Evaluate a simple RAG application using TruEra¶

Once having established a TruEra workspace object, let's proceed to define an LLM Application.

Step 1: Setup API Keys¶

Let's start by configuring the required API keys for our application. We will be using OpenAI in this notebook

import sys
import os
import openai

# Set your API keys. If you already have them in your var env., you can skip these steps.

OPENAI_API_KEY=""
OPENAI_API_ORG="" #Optional

os.environ["OPENAI_API_KEY"] = OPENAI_API_KEY
os.environ["HUGGINGFACE_API_KEY"] = OPENAI_API_ORG

Step 2: Setup a Vector store¶

Get data to create our knowledge base for our RAG. Initialize a simple paragraph about the University of Washington to be used as our source.

    university_info = """
    The University of Washington, founded in 1861 in Seattle, is a public research university
    with over 45,000 students across three campuses in Seattle, Tacoma, and Bothell.
    As the flagship institution of the six public universities in Washington state,
    UW encompasses over 500 buildings and 20 million square feet of space,
    including one of the largest library systems in the world.
    """

Create a Vector Store and add the university_info to the embedding database.

import chromadb
from chromadb.utils.embedding_functions import OpenAIEmbeddingFunction

chroma_client = chromadb.Client()
vector_store = chroma_client.get_or_create_collection(
    name="Universities",
    embedding_function=OpenAIEmbeddingFunction(
        api_key=OPENAI_API_KEY,
        organization_id=OPENAI_API_ORG,
        model_name="text-embedding-ada-002"
    )
)

vector_store.add("uni_info", documents=university_info)

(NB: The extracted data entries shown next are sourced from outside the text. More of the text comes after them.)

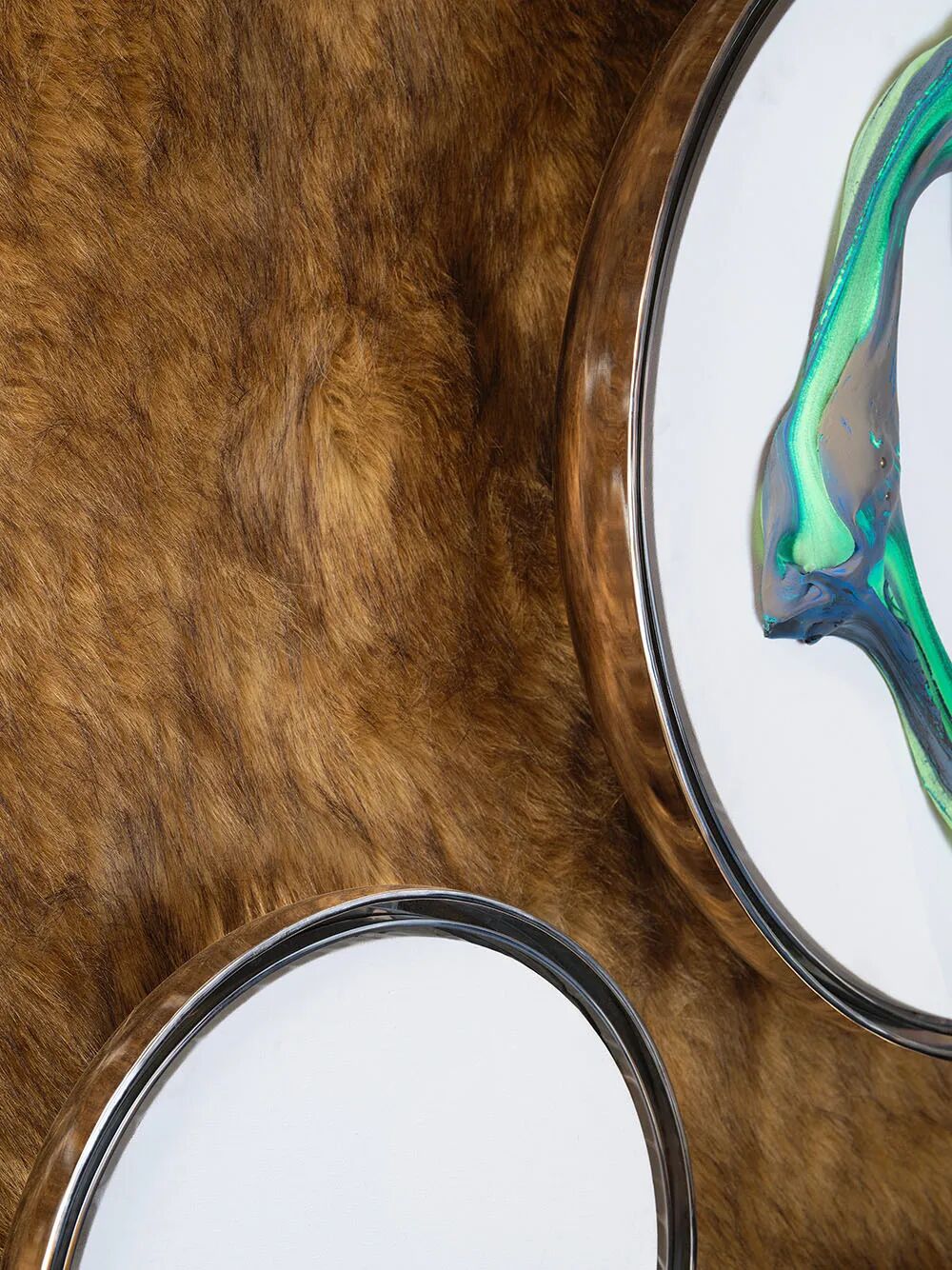 这些画作由轻质黏土即兴揉制成型,再借用文物修复的技法将表面固化,介于平面手绘与立体雕塑之间。它们本身也似灵感的种子,将一瞬间迸发的流光凝结起来,随季节的交替、心境的变化和新材料的研发,不断更新画框里的内容。
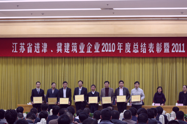 2011年3月20日,江蘇省進津、冀建筑業(yè)企業(yè)2010年度總結(jié)表彰暨2011年工作大會在天津大禮堂隆重召開。大會由江蘇省建設廳駐天津辦事處副主任韓勁松主持,主任鄧福林作了“搶抓新機遇,謀劃新發(fā)展,不斷開創(chuàng)江蘇建筑業(yè)新局面”的工作報告,對2010年的工作進行回顧,并提出2011年工作目標任務。江蘇省建筑工程管理局副局長紀迅、天津市外地施工隊伍管理站站長吳海、江蘇省住房和城鄉(xiāng)建設廳監(jiān)察室主任王毅、計劃賬務處調(diào)研員徐和美等江蘇省、天津市的主管部門領導應邀出席了會議,紀迅局長、吳海站長作了重要講話。
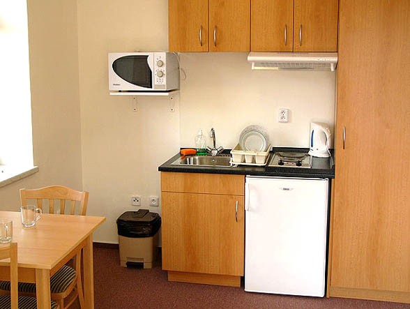 Každý apartmán má vlastní sociální zařízení: WC, sprchový kout, ... ... a kuchyňský kout: varná dvou plotna, mikrovlnka, chladnička, varná konvice, nádobí. Celý objekt je vytápěn elektrickými přímotopy - na pokojích s možností vlastní regulace. Podlahy pokojů a chodeb pokrývá zátěžový koberec. Každý apartmán je vybaven zásuvkou pro připojení TV. Televizory se zapůjčují za poplatek 60 Kč/týden.
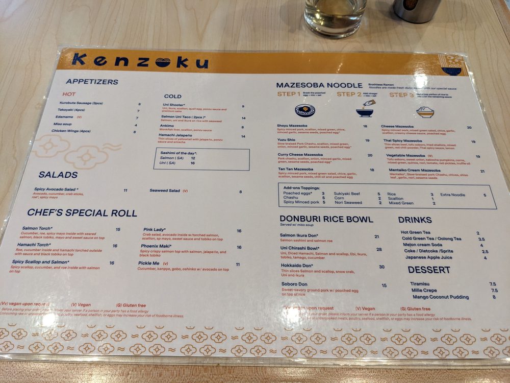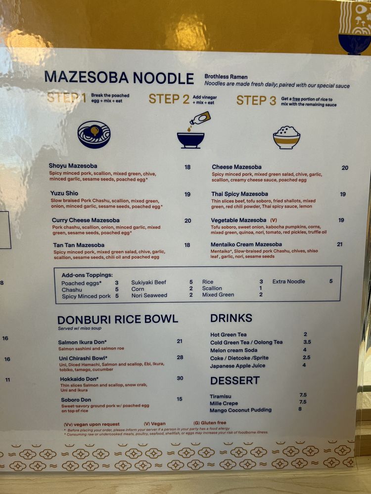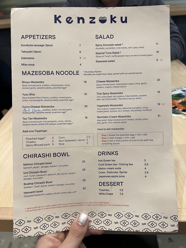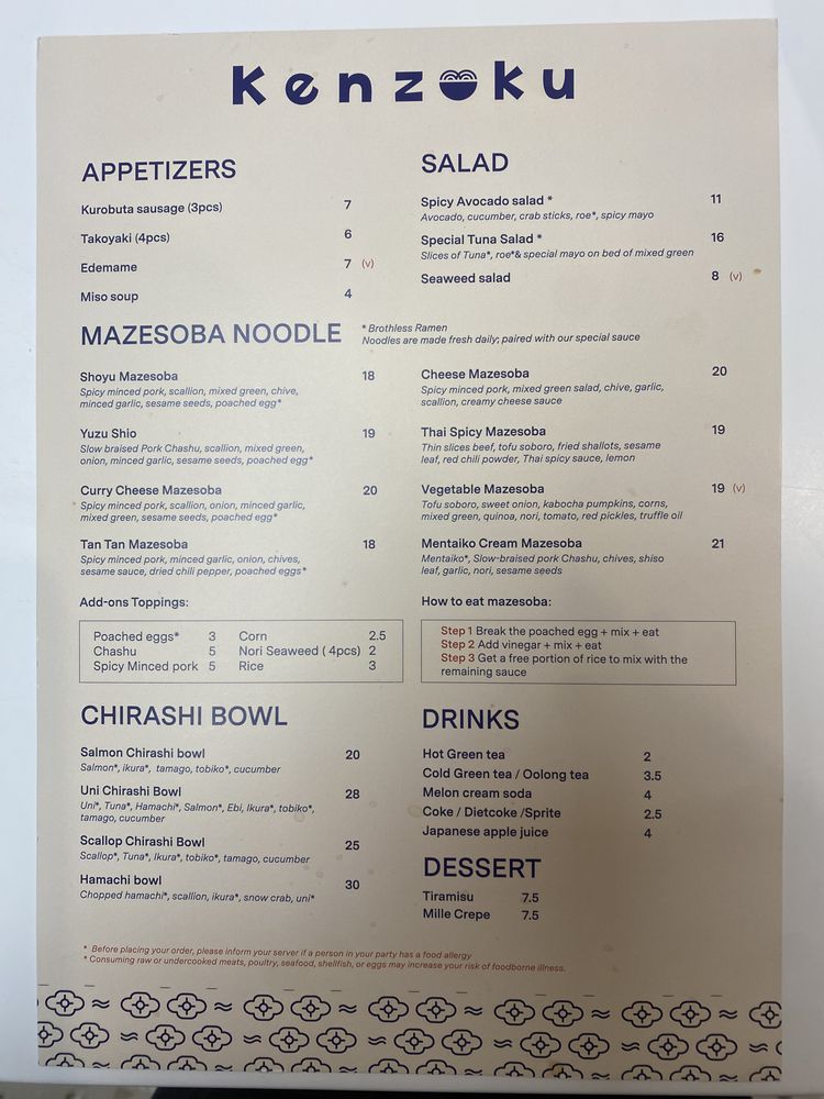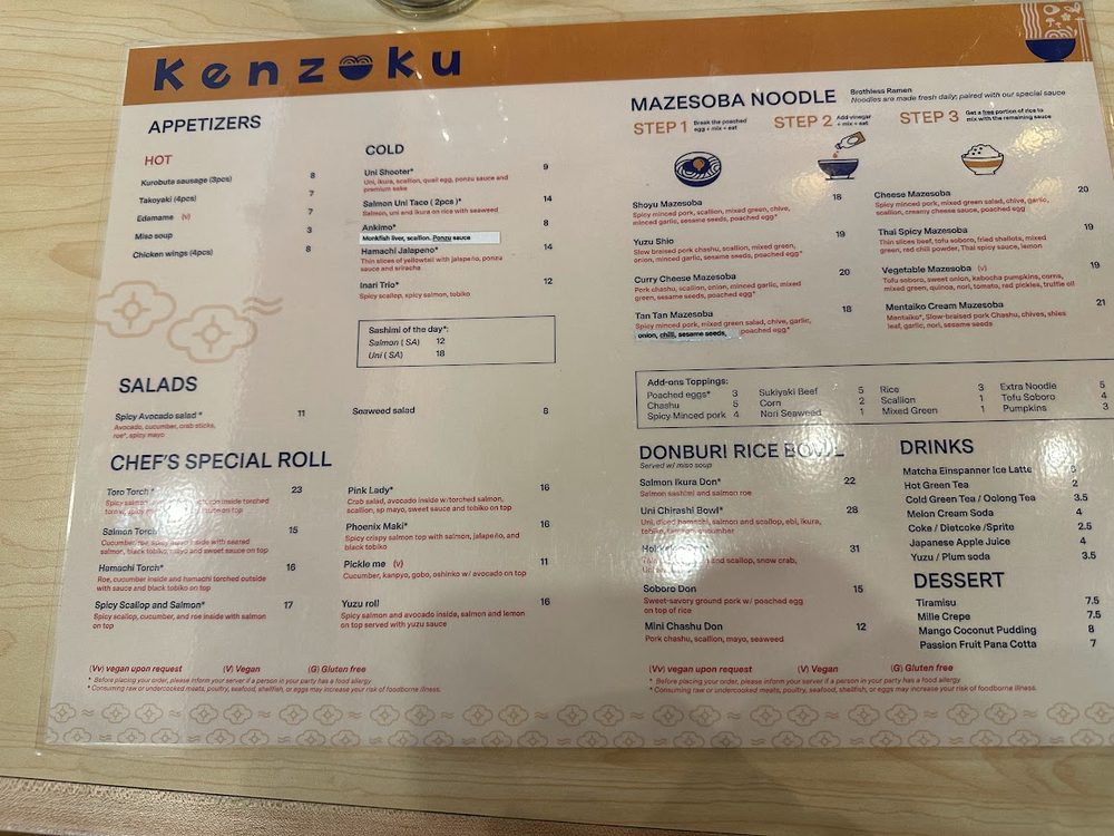 Wrapping up my visit to Kenzoku Mazesoba, I can confidently say this spot at 506 Park Dr in Boston delivers both comfort and creativity through its flavorful Japanese-inspired menu. The appetizers set a delicious tone, especially the juicy Kurobuta Sausage ($8.00) and the crisp, spicy Chicken Wings ($8.00) that come with a punchy sauce. Moving to the main attraction, the mazesoba noodles are the stars — from the savory Shoyu Mazesoba ($19.00) and aromatic Yuzu Shio ($20.00) to the indulgent Curry Cheese Mazesoba ($21.00), each bowl balances rich textures and layers of spice and umami. For something unique, the Thai Spicy Mazesoba ($19.00) bursts with bold chili heat, while the Vegetable Mazesoba ($19.00) offers a wholesome vegan alternative with truffle oil and vibrant veggies. Sushi lovers aren’t forgotten either; the Salmon Torch Maki ($16.00) and Phoenix Maki ($17.00) blend freshness with a hint of flame-seared smokiness, and the luxurious Uni Chirashi Bowl ($30.00) feels like pure indulgence. To finish, the Tiramisu ($8.00) or Mille Crepe ($8.00) make for a light yet satisfying dessert. Paired with a refreshing Melon Cream Soda ($5.00) or a simple Cold Green Tea ($3.50), every dish reflects Kenzoku Mazesoba’s careful balance of tradition and modern flair — an inviting spot where each bite feels thoughtfully crafted and genuinely comforting.

Step 3: Build a RAG application¶

We will be building a RAG application from scratch (without using an abstraction framework). You can use the instrument module from trulens-eval package as a declarator to easily define a RAG application that can start logging to TruEra

from trulens_eval.tru_custom_app import instrument

from openai import OpenAI
oai_client = OpenAI(
    api_key=OPENAI_API_KEY,
    organization=OPENAI_API_ORG
)

class RAG_from_scratch:
    @instrument
    def retrieve(self, query: str) -> list:
        """
        Retrieve relevant text from vector store.
        """
        results = vector_store.query(
            query_texts=query,
            n_results=1
        )
        return results['documents'][0]

    @instrument
    def generate_completion(self, query: str, context_str: list) -> str:
        """
        Generate answer from context.
        """
        completion = oai_client.chat.completions.create(
            model="gpt-3.5-turbo",
            temperature=0,
            messages=
            [
                {"role": "user",
                "content": 
                f"We have provided context information below. \n"
                f"---------------------\n"
                f"{context_str}"
                f"\n---------------------\n"
                f"Given this information, please answer the question: {query}"
                }
            ]
        ).choices[0].message.content
        return completion

    @instrument
    def query(self, query: str) -> str:
        context_str = self.retrieve(query)
        completion = self.generate_completion(query, context_str)
        return completion

rag_app = RAG_from_scratch() 

# you can test your by running rag_app.query("Where is the University of Washington?")

Step 4: Set up feedback functions¶

We can easily define feedback functions to evaluate our LLM app responses across various dimensions. Here we'll use groundedness, answer relevance and context relevance to detect hallucination.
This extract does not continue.